Di sekolah berkonsep multikultural, yang menjadi fokus utama adalah pendidikan bertoleransi dalam menghargai perbedaan budaya antara satu siswa dengan siswa lainnya. Perbedaan budaya ini bukan semata-mata dilihat dari unsur ras, agama, atau adat semata, melainkan juga menyangkut pola hidup dan kebiasaan yang dijalankan setiap siswa sehari-hari, baik di rumah maupun luar. Termasuk pola pikir, pendapat tentang suatu hal, cara makan dan berjalan, dan sebagainya.
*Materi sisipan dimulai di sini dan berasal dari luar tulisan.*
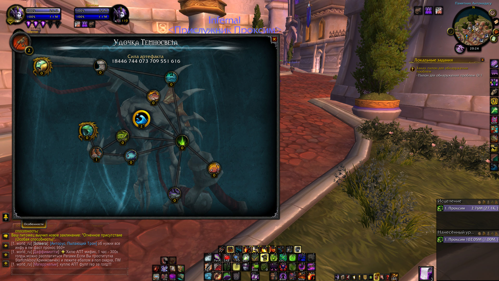 Доброго времени суток. Связался с товарищем, попросил протестировать. Жду фидбека. Сам же попробую снести свой клиент и установить новый (чистый, без аддонов и тд.). Если дело в клиенте, то это должно решить проблему, я думаю. Не удалось случаем разобраться, почему автоматически выбрались таланты? У меня сложилось впечатление, что баг произошёл (возможно) из-за того что по какой-то причине был выбран талант с хождением по воде, тогда как к нему ещё не изучены пути. С другой стороны эта версия вызывает сомнения, ибо качая не одного альта на сервере, начиная прокачивать артефакт (у нас на сервере) можно сразу выбирать почти все таланты развития, что например не мешает без вливания АП в обычные таланты получить "драконов" и всё работает, не крашит и не зависает. В общем, спасибо что занялись моей проблемой. Буду пробовать решать вопрос с клиентом, посмотрим что товарищ скажет. :) |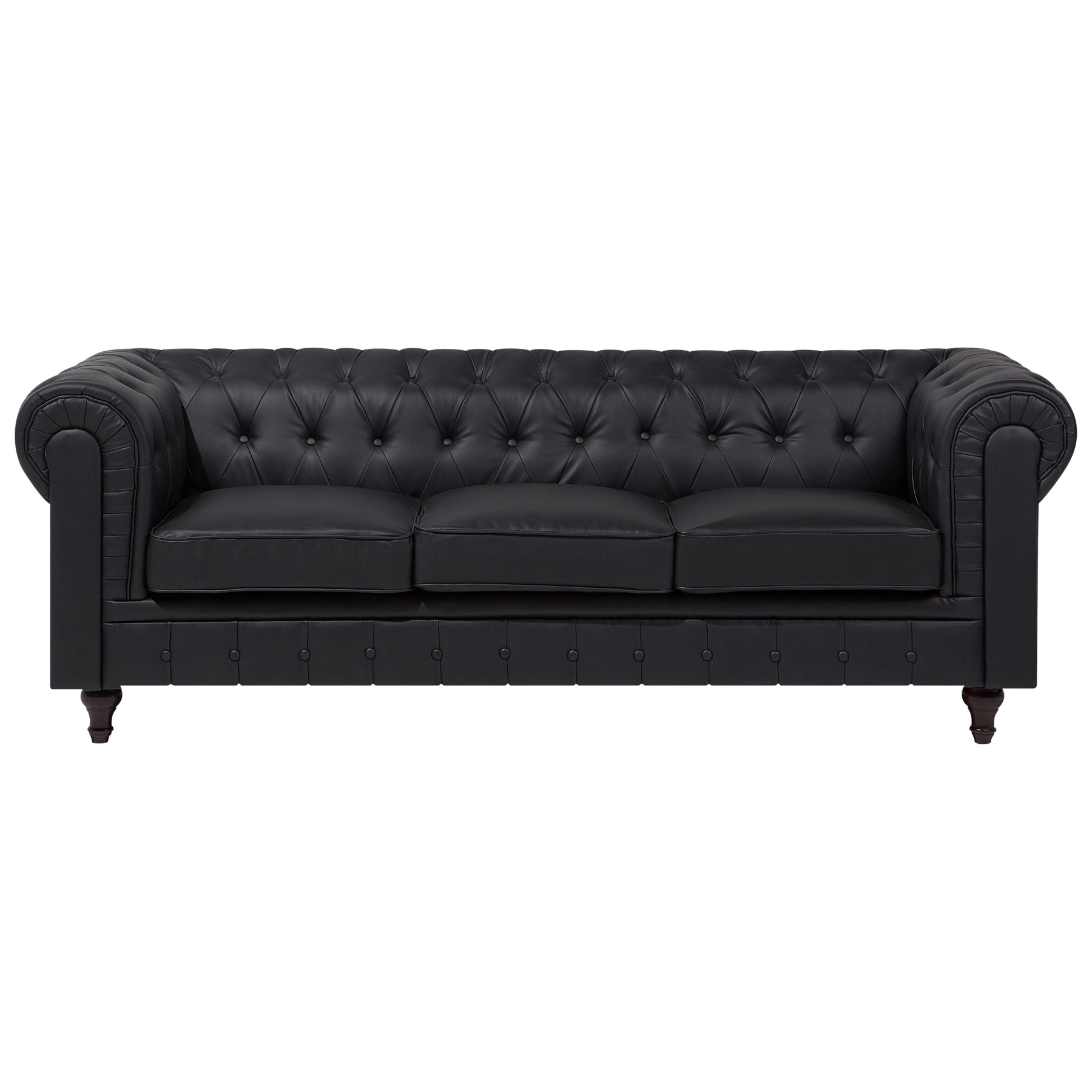 Beliani - CHESTERFIELD L - Chesterfield bank - Zwart - Kunstleer

Ada siswa yang di rumah terbiasa makan dengan tangan, ada yang terbiasa dengan pisau dan garpu. Itu adalah bagian dari budaya. Setiap siswa dan guru harus menghargai perbedaan-perbedaan itu, tidak boleh saling memaksakan. Karena masing-masing siswa memang mempunyai kebiasaan yang berbeda di rumahnya.
Siswa tidak
diajarkan bahwa kebiasaan yang berbeda dari kebiasaannya adalah buruk dan yang
sama dengannya adalah baik, melainkan lebih ke soal kebiasaan yang dipilih.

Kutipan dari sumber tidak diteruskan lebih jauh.